Guest Post by Ned Davis Research
Our U.S. Inflation Timing Model has peaked, suggesting slower inflation in 2022. Easing supply chain issues and base effects also point to inflation moderating in the coming months. But improvement could stall if
rising geopolitical risks from the Russia/ Ukraine conflict could push up commodity prices.
Although the outcome of this geopolitical risk remains highly uncertain, an outright war could push up the price of commodities, many of which are already
in a tight position. Indeed, Russia is the world’s largest exporter of natural gas and wheat, each at nearly 20% of total world exports. The country also exports 10% of
the world’s copper and aluminum. Based on the latest correlations, some countries are more susceptible than others to higher commodity prices. In the commodity price arena (using the CRB index), the U.S. ranks first with the highest positive correlation with its CPI. Similarly, the U.S. CPI ranks one
of the highest (number two) when it comes to both oil and food prices.
Fed tightening cycles
The Fed will have a potentially difficult juggling act on its hands, as it needs to bring inflation down without sending the economy into recession or creating financial instability. The range of possible outcomes has kept financial markets on edge lately.
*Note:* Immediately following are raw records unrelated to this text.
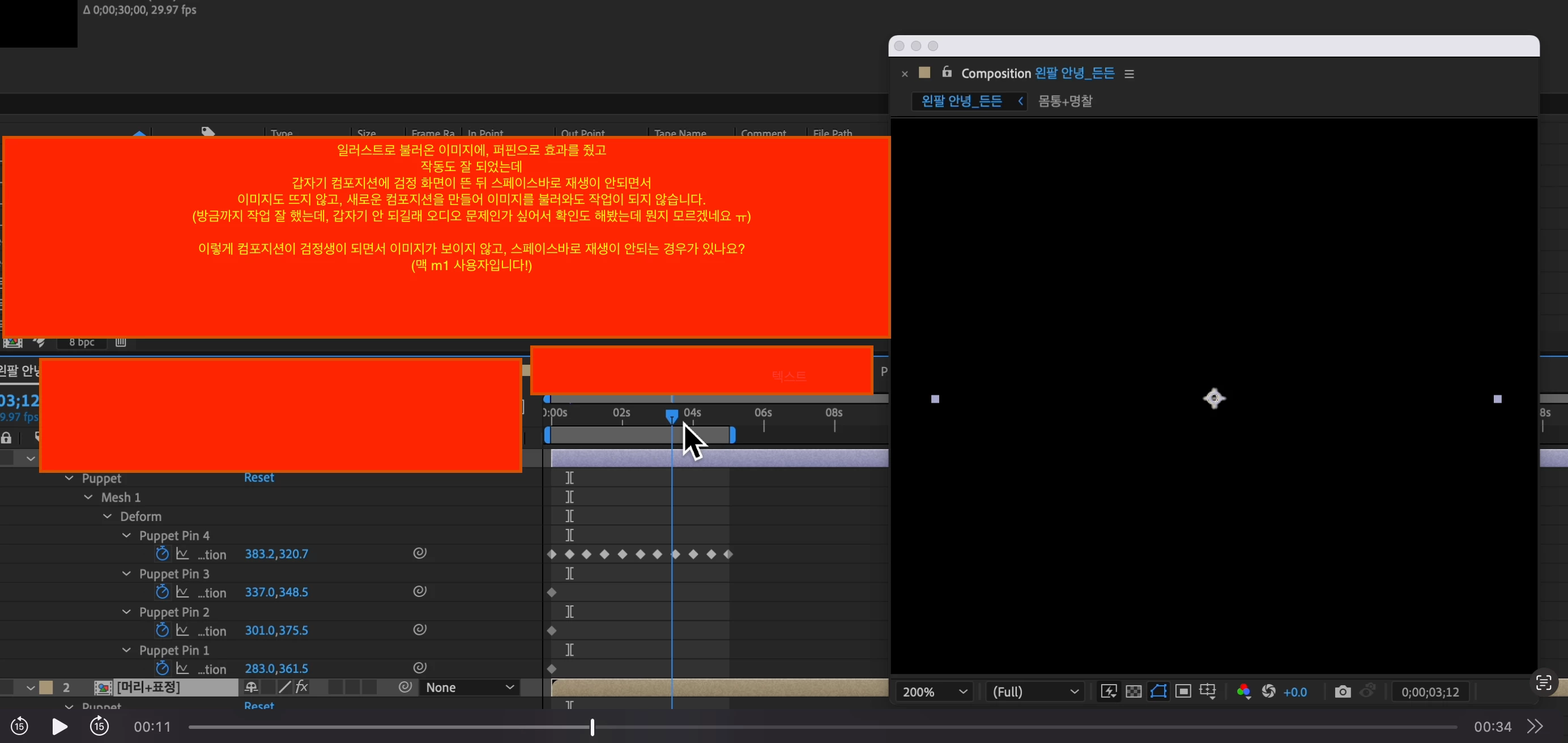 갑자기 컴포지션에 검정 화면이 뜬 뒤, 스페이스바로 재생이 안 되면서 이미지가 뜨지 않고 새로운 컴포지션을 만들어 이미지를 불러와도 작업이 안되네요.. ㅠ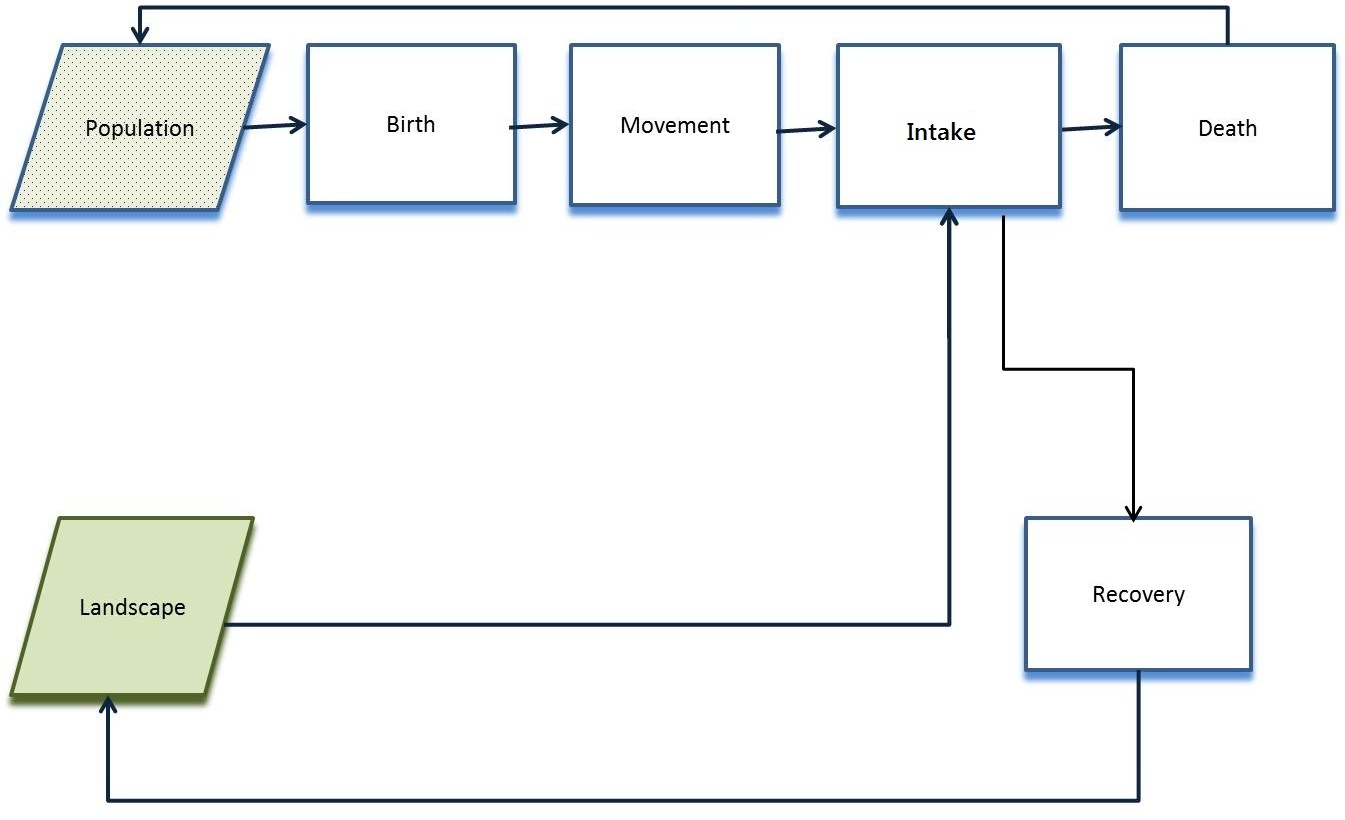 The level of stock of landscape resources influences the birth process as well as the size of the rabbit population. The number of agents also influences directly the total consumption of the resources. Decrease in population is a function of the individual ages and stock of calories.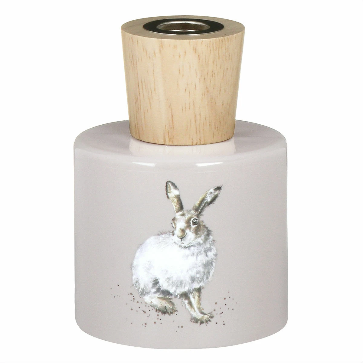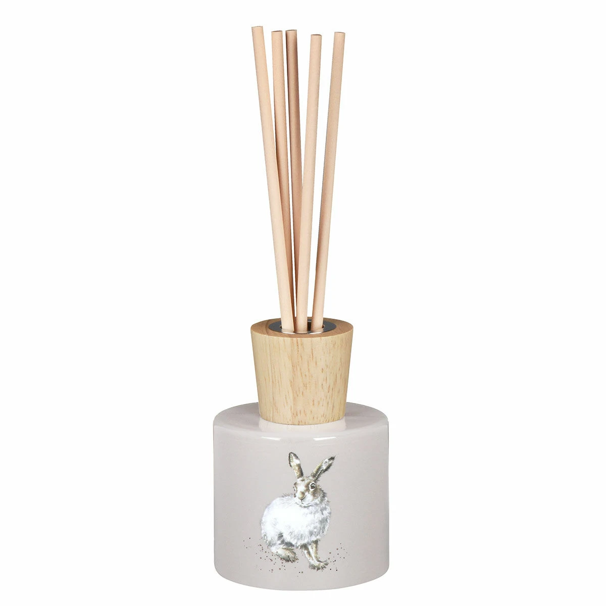 Featuring a delightful illustration from artist Hannah Dale, the glass vessel depicts the gorgeous ‘Winter Hare’ illustration which depicts a fluffy hare with its white winter coat. Snow falls around the hare and the design is accentuated with speckles of black paint, a small touch which is synonymous with the Wrendale brand. This is set against a pale grey background and the bottle is topped with a wooden bottle neck. Inside there are five natural brown reeds to diffuser the wonderful fragrance.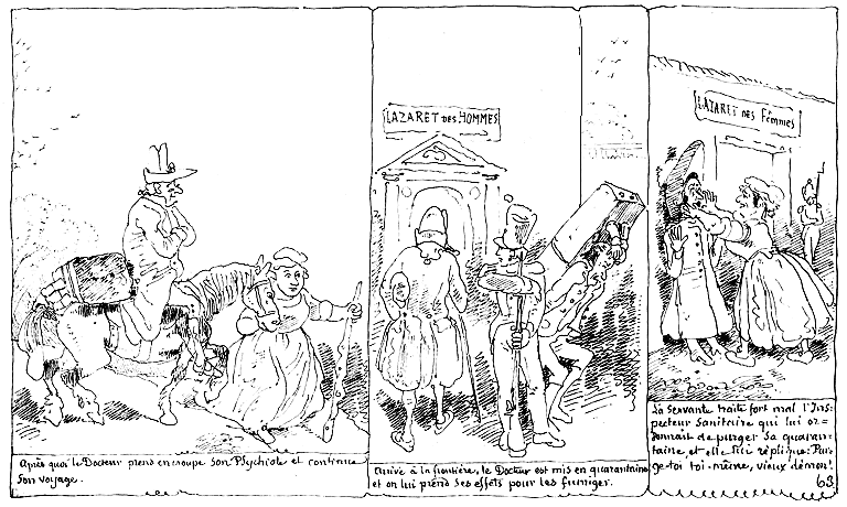 | Après quoi le Docteur prend en croupe son Psychiote et continue son voyage. | Arrivé à la frontière, le Docteur est mis en quarantaine et on lui prend ses effets pour les fumiger. | Sa servante traite fort mal l'inspecteur sanitaire qui lui ordonnait de purger sa quarantaine, et elle lui réplique: Purge-toi toi-même, vieux démon! |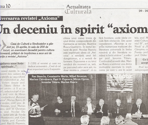 Alaturi de recenzii au fost publicate sinteze, studii si articole despre scriitori mai vechi sau contemporani. De obicei, acestea sunt grupate in jurul unei sarbatori sau comemorari. La Arghezi, semneaza I. Balu (2 articole), I. Tataru, Luminita Burlacu, Ciprian Ded, Grig. Miresan, Constantin Trandafir, Marin Besteliu. La Bacovia semneaza: I. Balu, Const. Trandafir (2), Ieronim Tataru (2), Const. Calin (2), Viorica Raduta, Bogdan Titei. Si mai multe condeie axiomiste s-au grabit sa-l comemoreze si sa-l admire pe Blaga….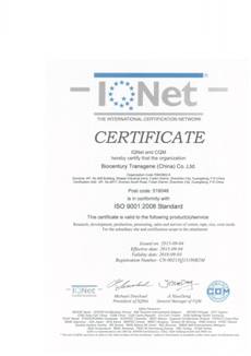 自2017年7月起,我司全面推行ISO 9001:2015质量管理体系。通过公司全体员工一年来的共同努力,在国家权威认证机构---方圆标志认证集团组织的审核认证中,确认我司质量管理体系运行符合ISO 9001:2015质量体系的标准要求,于2018年8月24日向我司正式颁发了ISO 9001:2015质量管理体系认证证书。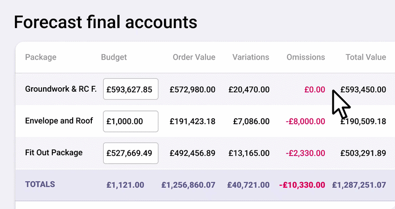Feed into your forecast final account, ensuring all financial implications are tracked throughout the project.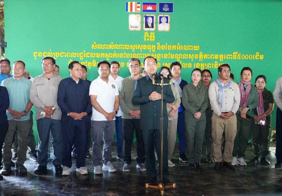 ចែកអំណោយជូនដល់បងប្អូនប្រជាពលរដ្ឋ ដែលបានជម្លៀសដោយស្ម័គ្រចិត្តមកកាន់មណ្ឌលសុវត្ថិភាព វត្តពោធិ៍ ៥០០០ដើម ស្ថិតនៅ ភូមិគូលែនត្បូង ឃុំគូលែនត្បូង ស្រុកគូលែន ខេត្តព្រះវិហារ នៅព្រឹកថ្ងៃទី២៤ ខែមិថុនា ឆ្នាំ២០២៥ ។

Analyzing Fed tightening cycles since 1955, we find that economic growth slows more in fast than in slow cycles.
Several broad conclusions stand out:
- Economic growth does not slow precipitously at the start of tightening.
- Fast tightening cycles are more detrimental to growth than slow ones (see chart above).
- Interest rate sensitive sectors, such as manufacturing, housing, and autos, weaken
faster than the aggregate economy.
- The unemployment rate continues to decline in the first ten months of tightening but backs up after that.
- The inflation record is mixed.
- Recession begins a median of 25 months after the start of tightening.